Intanto, da Roma, Variati già tende la mano a Zaia: «Noi (governo, ndr) siamo per la massima collaborazione», annuncia. Il plebiscito di voti ottenuto dal presidente, al terzo mandato, fa dire al sottosegretario che ieri «è nato un leader nazionale». Checché Zaia lo voglia o meno (anche dopo il trionfo ha dichiarato di non essere interessato a ruoli romani), per Variati: «Il quadro politico ora cambierà e Salvini ne deve tenere conto». Della sconfitta del suo schieramento, l’ex sindaco berico, non fa cenno. Eppure, sempre dalla capitale, fa notare l’onorevole dem Nicola Pellicani: «Bisogna avviare una profonda riflessione sulle politiche svolte fino ad oggi. I numeri parlano chiaro - dice dimostrano come gli elettori veneti non abbiano neppure percepito l’esistenza di una vera alternativa a Zaia, e ciò rende la sconfitta ancora più pesante. Non ci sono scorciatoie, il partito va completamente rifondato, uscendo da logiche correntizie che hanno finito per indebolirlo e va messa in campo al più presto una nuova classe dirigente in grado di mettersi in connessione con i veneti: davanti a noi abbiamo da intraprendere la traversata del deserto». Ed è quanto pensa Stefano Fracasso, ex capogruppo del Pd a Palazzo Ferro Fini che avrebbe volentieri tentato la corsa contro Zaia al posto di
Lorenzoni, non trovando tuttavia l’appoggio in seno al partito. «Quando si fanno scelte a tavolino e non si apre magari con le primarie... commenta - certo, poi c’è stato il Covid, ma c’è un tema di posizionamento: ci si illude di rincorrere le sardine quando in Veneto la società civile è dentro i capannoni ed è con loro che va aperto il dialogo».
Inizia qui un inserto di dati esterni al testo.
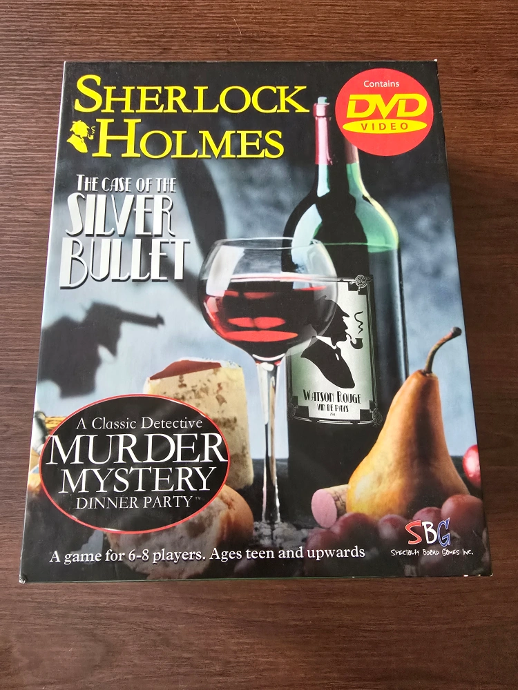 Selling the Sherlock Holmes Murder Mystery Dinner Party game! It's a classic detective game for 6-8 players, ages teen and upwards. Includes a DVD video to help you solve the case of the silver bullet!
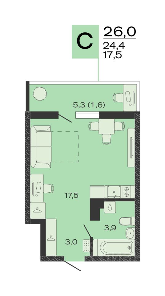 Общая площадь26 м2
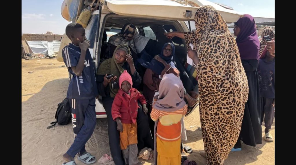 Keluarga-keluarga Sudan yang menyelamatkan diri dari bentrokan di El-Fasher berkumpul di sekitar kendaraan setelah tiba di Al Dabbah, tempat mereka kini hidup dalam kondisi sulit. Suasana di Al Dabbah, Sudan, pada 3 November 2025. [Stringer – Anadolu Agency]
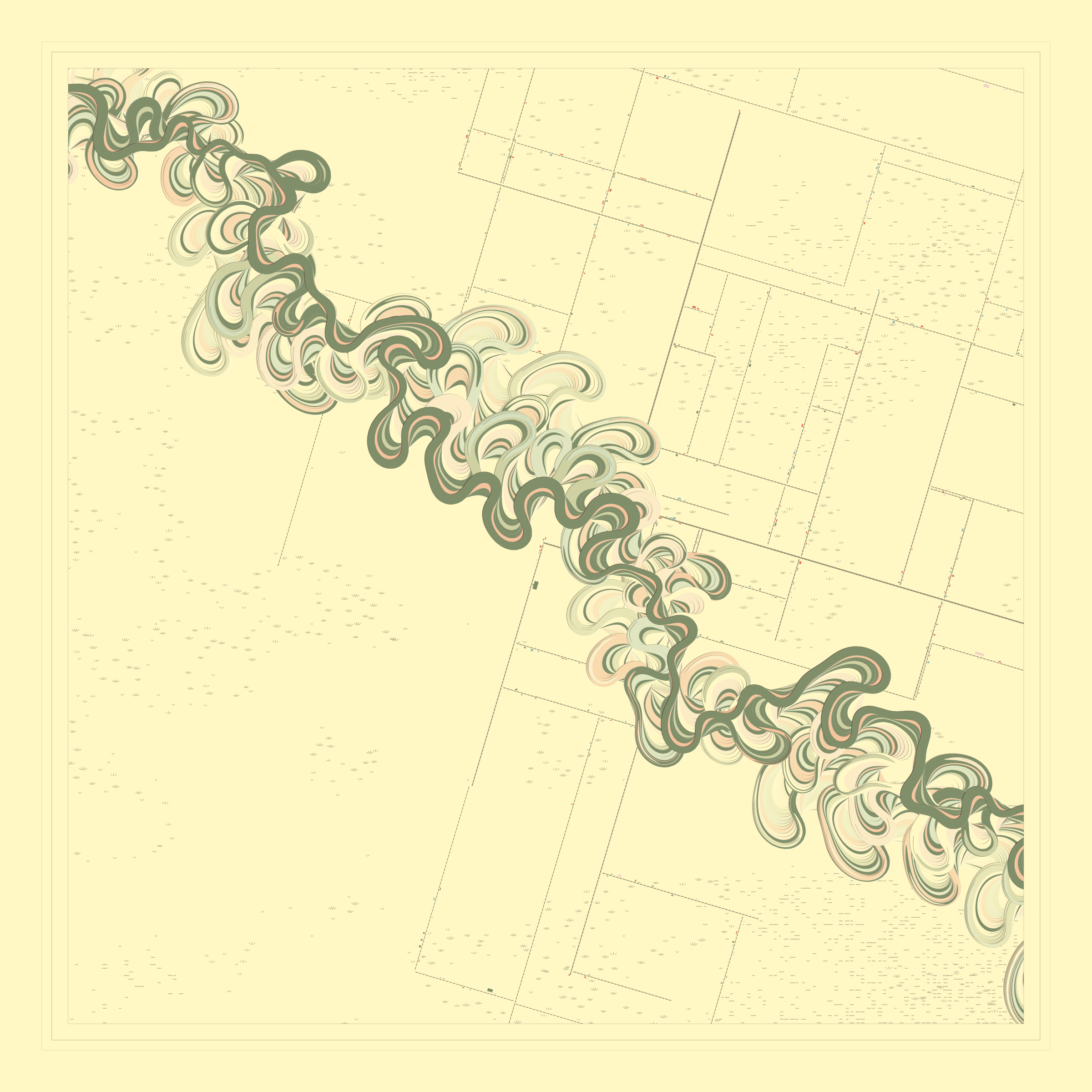 Ancient Courses is a generative experience that explores the aesthetics of meandering rivers and the settlements that form on their banks. The design is graphic and cartographic with bold color palettes rendered against map iconography and line sensibility. From the river banks, roads stretch across the landscape: sometimes a single access road, other times sprawling towns. The river meandering is simulated via a custom algorithm which closely models the real world process.
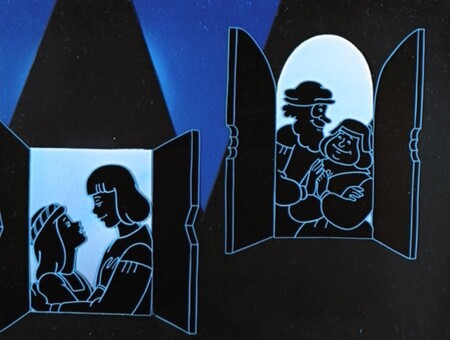Строчки, хорошо описывающие этот эффект, когда свет «коснулся крыш». В этой ночной сцене мы видим персонажей во тьме со светлыми линиями, или, наоборот, темные линия на светлом фоне. И там и там это необходимое решение для передачи настроения и душевных волнений персонажа Трубадура.
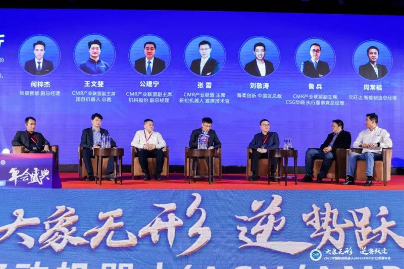 2023年12月13日,在“2023中國(guó)移動(dòng)機(jī)器人(AGV/AMR)產(chǎn)業(yè)發(fā)展年會(huì)-AMR新技術(shù)融合專(zhuān)場(chǎng)”的圓桌討論環(huán)節(jié),CMR產(chǎn)業(yè)聯(lián)盟主席、新松機(jī)器人首席技術(shù)官?gòu)埨祝珻MR產(chǎn)業(yè)聯(lián)盟副主席、國(guó)自機(jī)器人總裁王文斐,CMR產(chǎn)業(yè)聯(lián)盟副主席、機(jī)科股份副總經(jīng)理公建寧,CMR產(chǎn)業(yè)聯(lián)盟副主席、CSG華曉執(zhí)行董事兼總經(jīng)理魯兵,海柔創(chuàng)新中國(guó)區(qū)總裁劉敬濤,牧星智能標(biāo)品事業(yè)部總經(jīng)理何梓杰以及欣旺達(dá)智能制造總經(jīng)理周常福圍繞“制造、物流智能化升級(jí)過(guò)程中移動(dòng)機(jī)器人參與的廣度與深度、中國(guó)移動(dòng)機(jī)器人全球化進(jìn)程中的機(jī)會(huì)與挑戰(zhàn)、直面行業(yè)弊端,如何理性參與行業(yè)競(jìng)合”等本年度熱點(diǎn)話(huà)題,分享企業(yè)在新業(yè)態(tài)下的發(fā)展思路與成功經(jīng)驗(yàn)。
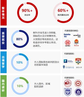 财务管理专业ACCA实验班学生未来将拥有广阔的就业选择面,可在大型跨国公司、专业性会计师事务所、大型国企与金融机构等从事财务、税务、商业分析、投融资、运营与管理等各类高薪职业。

La candidatura di Lorenzoni nasce dalla suggestione lanciata dal segretario nazionale Luca Zingaretti di aprire il partito al civismo: erano i giorni del boom delle sardine, dell’imminente vittoria in Emilia Romagna di Stefano Bonaccini e del Covid nessuno si immaginava l’arrivo. In ogni caso, a mesi di distanza, chi ha spinto per questa candidatura continua a difenderla. «Lorenzoni era la scelta migliore che potessimo fare in epoca pre-Covid per la sua caratterizzazione civica e apertura verso l’esterno - dice Martella - poi c’è stata la pandemia. L’esito in Veneto è netto ed indiscutibile, un dato (la vittoria di Zaia, ndr) che assumerà rilevanza nazionale, la sua lista triplica la Lega: la campagna elettorale è stata caratterizzata dal coronavirus». Con il presidente del Veneto sotto i riflettori e lo sfidante, negli ultimi quindici giorni, positivo al virus. «Nella nostra regione il problema è antico - aggiunge Martella serve un progetto di lungo periodo per farci trovare maggiormente strutturati». Detto questo, «non dimentichiamoci che oggi il Partito democratico è il primo partito in Italia». Come dire, di fronte alla sconfitta del Veneto, su cui in casa dem si nutrivano poche speranze, non resta che gioire del risultato nazionale.